TASK ITEM: From the first line of the data down to and including the line with "VERNE Jules, Le", copy everything exactly, leaving out pictures.
- Opening Delimiter -
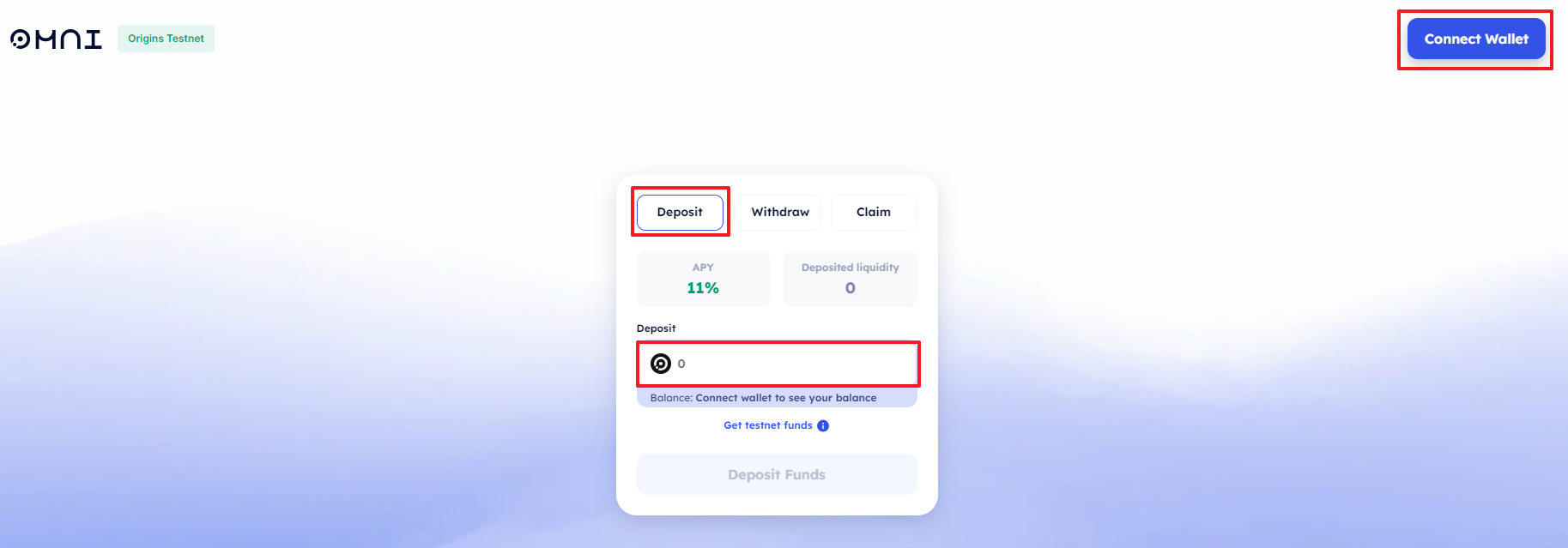 | - 오른쪽 상단 지갑 연결 - 'Deposit' 클릭 - 수량 입력 - 'Deposit Funds'클릭! 완료. |
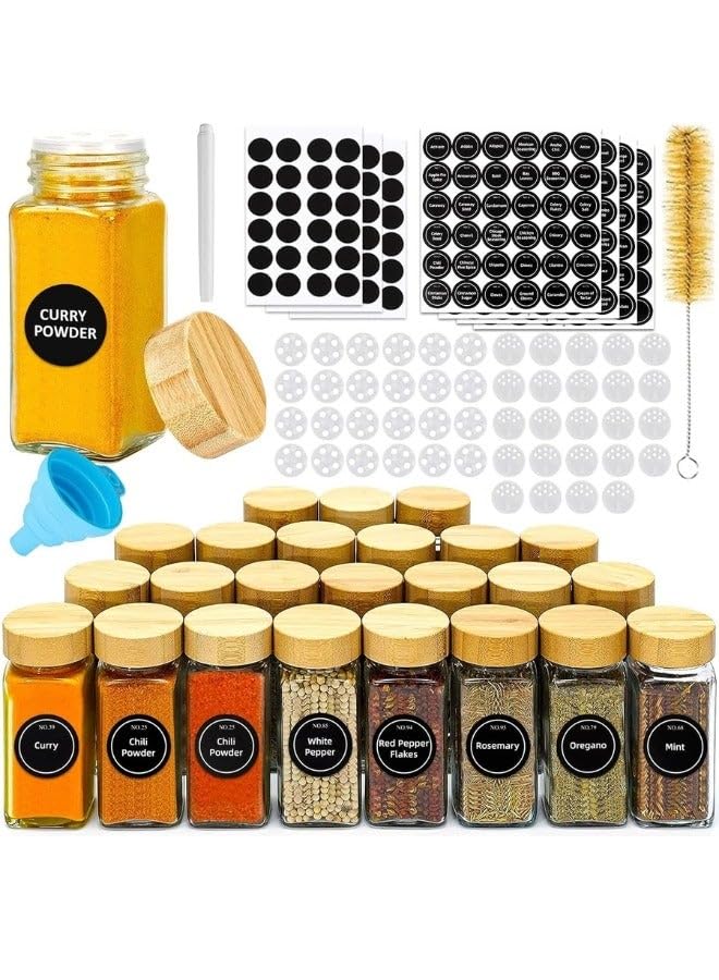 generic - 24-Piece Glass Spice Jar Set with Airtight Bamboo Lids - 120ml Empty Square Spice Containers with Shaker Lids, Labels, C
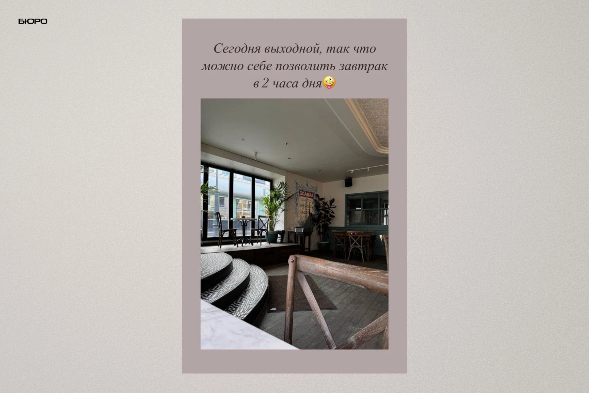«Сегодня выходной, так что можно себе позволить завтрак в 2 часа дня», – рассказала Анастасия Лукашенко и поделилась фото итальянского бистро De torino на Мясницкой улице в районе Лубянки.
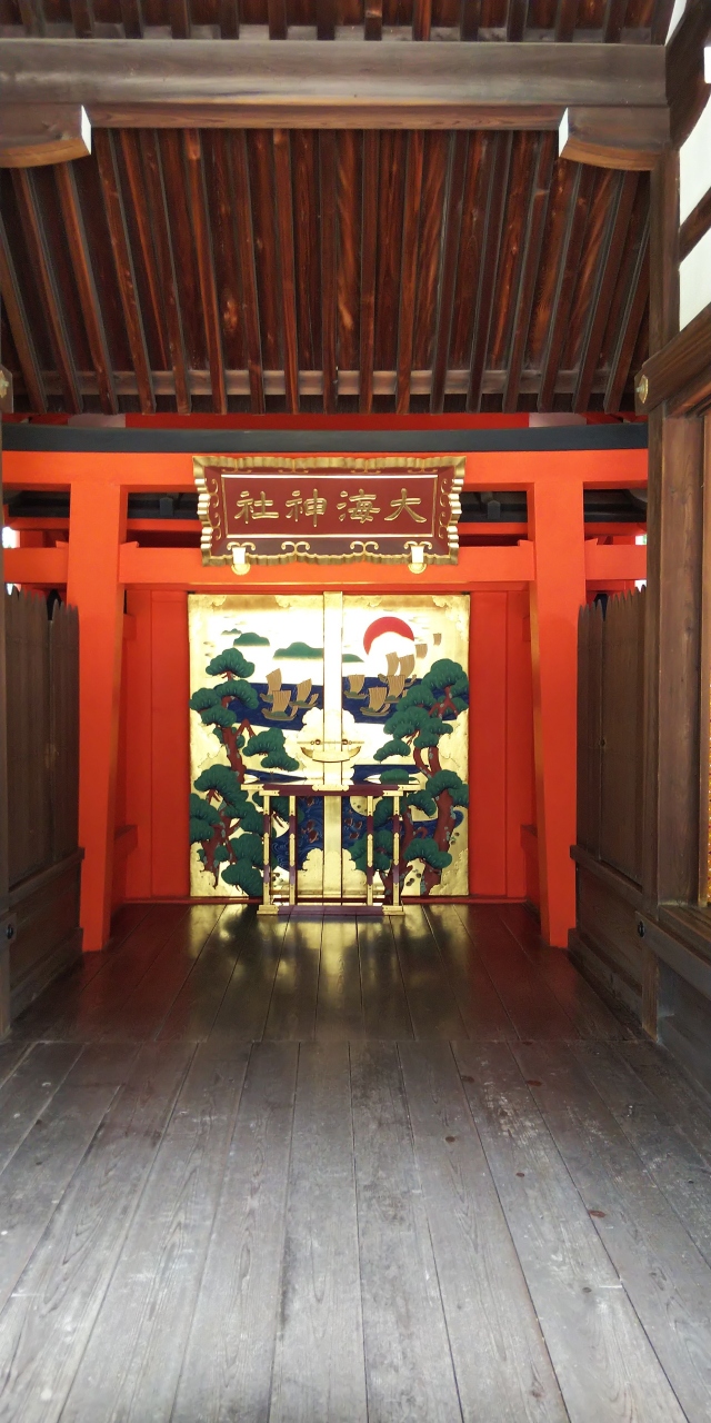 大海神社は住吉大社の摂社のひとつで、住吉大社の境内の北側にあります。御祭神は豊玉彦命と豊玉姫命がまつられています。本殿の建物内にも朱塗りの鳥居があり、その奥には金箔を使用したと思われる美しい扉がありました。
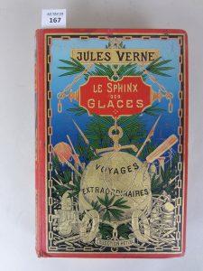 VERNE Jules, Le sphinx des glaces, voyages extraordinaires. Paris, Edition Hetzel. 68 illustrations par George Roux , 3 tranches dorés, reliure polychrome à la mappemonde , dos lisse , déchirure sur un mors du premier plat, tache et choc sur le...
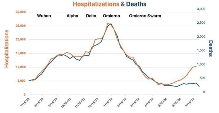 This paper will try to unravel the cause of the recent divergence in hospitalization and death rates [3]. As we progress, keep in mind that death rates are a complex function of vaccination history, vaccination effectiveness including waning, previous infections, variants, therapeutics, and comorbidities. Also keep in mind that from August 1, 2023, to August 1, 2024, the US had:
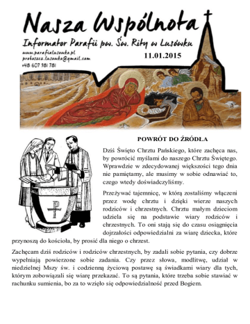 11.01.2015 POWRÓT DO ŹRÓDŁA Dziś Święto Chrztu Pańskiego, które zachęca nas, by powrócić myślami do naszego Chrztu Świętego. Wprawdzie w zdecydowanej większości tego dnia nie pamiętamy, ale musimy w sobie odnawiać to, czego wtedy doświadczyliśmy. Przeżywać tajemnicę, w którą zostaliśmy włączeni przez wodę chrztu i dzięki wierze naszych rodziców i chrzestnych. Chrztu małym dzieciom udziela się na podstawie wiary rodziców i chrzestnych. To oni stają się do czasu osiągnięcia dojrzałości odpowiedzialni za wiarę dziecka, które przynoszą do kościoła, by prosić dla niego o chrzest. Zachęcam dziś rodziców i rodziców chrzestnych, by zadali sobie pytania, czy dobrze wypełniają powierzone sobie zadania. Czy przez słowa, modlitwę, udział w niedzielnej Mszy św. i codzienną życiową postawę są świadkami wiary dla tych, którym zobowiązali się wiarę przekazać. To są pytania, które trzeba sobie stawiać w rachunku sumienia, bo za to wzięło się odpowiedzialność przed Bogiem. OGŁOSZENIA DUSZPASTERSKIE 1. Msze Święte w najbliższych dniach: 12 i 13 stycznia (poniedziałek i wtorek) o 700 ; Pozostałe dni tygodnia o 815 2. Biuro parafialne czynne do końca stycznia po każdej Eucharystii. 3. Dziś niedziela gospodarcza. Dziękuję za złożone ofiary. 4. Za kadzidło uzbieraliśmy 602,23 złotych 5. Woda święcona znajduje się na stoliku przy konfesjonale (proszę przynieść ze sobą pojemnik). Można też sprzed ołtarza zabierać poświęcona kredę i kadzidło do oznaczenia naszych drzwi. 6. Zapraszam do czytania prasy katolickiej – Przewodnika Katolickiego (cena 4,5 zł) i Małego Przewodnika dla dzieci. 7. Plan kolędy na najbliższe dni poniżej, a cały na stronie parafialnej www.parafialusowko.pl i w gablocie. Bardzo się cieszę, że mogę gościć w Waszych domach z błogosławieństwem Bożym. Plan Odwiedzin Duszpasterskich – Kolędy 11.01.2015; Niedz; 1500; Sierosław – ul. Marmurowa, Okrężna i Niedźwiedzia 12.01.2015; Pon; 16 30; Pokrzywnica – ul. Dworska, Myśliwska. 13.01.2015; Wt; 1630; ul. Imbirowa, Kminkowa, Cienista 14.01.2015; Śr; 1000;; Sierosław – Pałac, ul. Morwowa i ul. Kręta do Kasztanowej 16.01.2015; Czw; 1630;; ul. Wiązowa od Grabowej od nr 76 do 30 15.01.2015; Pt; 1630; ul. Leszczynowa od Jankowickiej, ul. Jastrzębia, ul. Perkozowa, ul. Łabędziowa 16.01.2015; Sob; 10 00; ul. Morska od Jankowickiej 17.01.2015; Niedz; 1500; Rozalin Biały – ul. Nagietka i Tulipana 18.01.2015; Pon; 16 30; Rozalin Biały – ul. Niezapominajki i Rozalin Żółty – ul. Storczyka 4 – 6.02.2015 odwiedziny duszpasterskie przełożone po wcześniejszym uzgodnieniu Gdy intencji na jednej Eucharystii jest kilka, to zostaną odprawione w tygodniu tyle razy ile jest na tej Mszy Świętej intencji. Intencje 10 – 25.01.2015 SOBOTA, 10.01.2015, 1630 1) Kazimierza Jankowiaka od brata Janusza z rodziną 2) śp. Jakuba Śmieszalskiego od kolegów i koleżanek Kasi z pracy NIEDZIELA, 11.01.2015; 830 śp. Edwarda Andrzejewskiego (12 r.śm) rodziców Reginę Stanisława Andrzejewskich i Sławomira (30r.śm) Leśniewskiego od synów 1000 1) śp. Jakuba Śmieszalskiego i Adasia Ignasiaka od Przybylskich i Ziemniewskich 2) śp. Marianny Lemańskiej ( 9 r.śm. im) Marianny i Feliksa i zmarłych: Janusza Lemańskiego, Feliksa i Władysławy Lemańskich, Katarzyny i Józefa Kokot, Ireny, Leona i Marka Nowaków, Haliny Matuszewskiej, Benedykta Brygiera, Franciszki Franciszka Seges, Anny Życkiej i za zmarłych z rodziny Łukasiewiczów i z rodz. Świątków 1130 w intencji Juliusza z okazji urodzin, w podziękowaniu za otrzymane łaski i z prośbą o Boże błogosławieństwo dla niego i całej rodziny PONIEDZIAŁEK, 12.01.2015; 700 WTOREK 13.01.2015; 700 ŚRODA 14.01.2015; 815 CZWARTEK, 15.01.2015 815 śp. Franciszka (23 r.śm), Marię Błaszczaków, Jadwigę, Stanisława Jacka, Stanisława Kleszczów, Czesława Łysiaka Anielę Mączyńską PIĄTEK, 16.01.2015, 815 SOBOTA, 17.01.2015, 1630 śp. Jakuba Śmieszalskiego od kolegów i koleżanek Kasi z pracy NIEDZIELA, 18.01.2015; 830 1) Sławomira Leśniewskiego (30 rśm) Witolda, Jerzego Leśniewskich i Janinę Zawisza 2) Henryka Szymanowskiego (4 r.śm i im) od żony z rodziną i Roberta Łuczaka (8 r.śm) od mamy i siostry z rodzina i Krystynę Wiciak 1000 śp. Jakuba Śmieszalskiego od Węców z Poznania 1130 w intencji 6 lat Urszuli i Wojciecha PONIEDZIAŁEK, 19.01.2015; 700 WTOREK 20.01.2015; 700 ŚRODA 21.01.2015; 815 CZWARTEK, 22.01.2015 815 PIĄTEK, 23.01.2015, 815 SOBOTA, 24.01.2015, 1630 śp. Agnieszkę, Stanisławę, Jana, Mariana, Mieczysława, Stefana Smieszchalskich, Annę, Antoniego, Czesława Ignacego Perdon, Ireneusza Rura, Edwarda Jabłońskiego, Jakuba Śmieszalskiego, Adasia Ignasiaka i zm z rodz. Michalskich i Perdon NIEDZIELA, 25.01.2015; 830 1000 1) z okazji dnia Babci i dziadka śp. Czesławy, Władysławy Kwiatkowskich od wnuczki Marleny z rodziną i wnuka Roberta z żoną. 2) z okazji 95 urodzin Kazimiery Kaczmarek 1130 1) w intencji roczku Hani o bł. Boże dla niej i całej rodziny 2) śp. Jakuba Śmieszalskiego od sąsiadów Budziaków 3) śp. Jadwigę Dolańską (1 r. śm) od córki Wszystkim solenizantom i jubilatom wszystkiego, co piękne i dobre oraz łask potrzebnych do życia i zbawienia Chrzest święty jest fundamentem całego życia chrześcijańskiego, bramą życia w Duchu i bramą otwierającą dostęp do innych sakramentów. Przez chrzest zostajemy wyzwoleni od grzechu i odrodzeni jako synowie Boży, stajemy się członkami Chrystusa oraz zostajemy wszczepieni w Kościół i stajemy się uczestnikami jego posłania. Chrzest jest sakramentem odrodzenia przez wodę i w słowie. (KKK 1213). Chrzest św. jest sakramentem, w którym przez polanie wodą i wymówienie słów sakramentalnych człowiek otrzymuje odpuszczenie grzechu pierworodnego i wszystkich grzechów przed chrztem popełnionych oraz staje się dzieckiem Bożym i otrzy
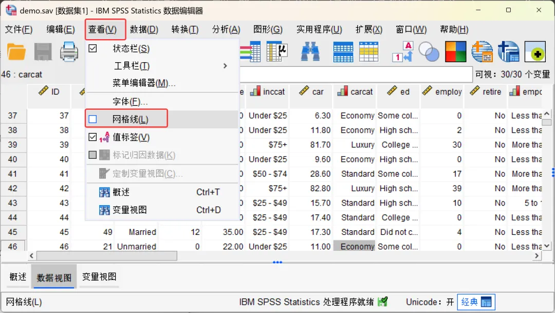 SPSS数据编辑器顶部菜单栏中的「查看」菜单提供了以下3种显示选项:
- Closing Delimiter -
TASK SOLUTION:
 | - 오른쪽 상단 지갑 연결 - 'Deposit' 클릭 - 수량 입력 - 'Deposit Funds'클릭! 완료. |
 generic - 24-Piece Glass Spice Jar Set with Airtight Bamboo Lids - 120ml Empty Square Spice Containers with Shaker Lids, Labels, C
«Сегодня выходной, так что можно себе позволить завтрак в 2 часа дня», – рассказала Анастасия Лукашенко и поделилась фото итальянского бистро De torino на Мясницкой улице в районе Лубянки.
 大海神社は住吉大社の摂社のひとつで、住吉大社の境内の北側にあります。御祭神は豊玉彦命と豊玉姫命がまつられています。本殿の建物内にも朱塗りの鳥居があり、その奥には金箔を使用したと思われる美しい扉がありました。
 VERNE Jules, Le sphinx des glaces, voyages extraordinaires. Paris, Edition Hetzel. 68 illustrations par George Roux , 3 tranches dorés, reliure polychrome à la mappemonde , dos lisse , déchirure sur un mors du premier plat, tache et choc sur le...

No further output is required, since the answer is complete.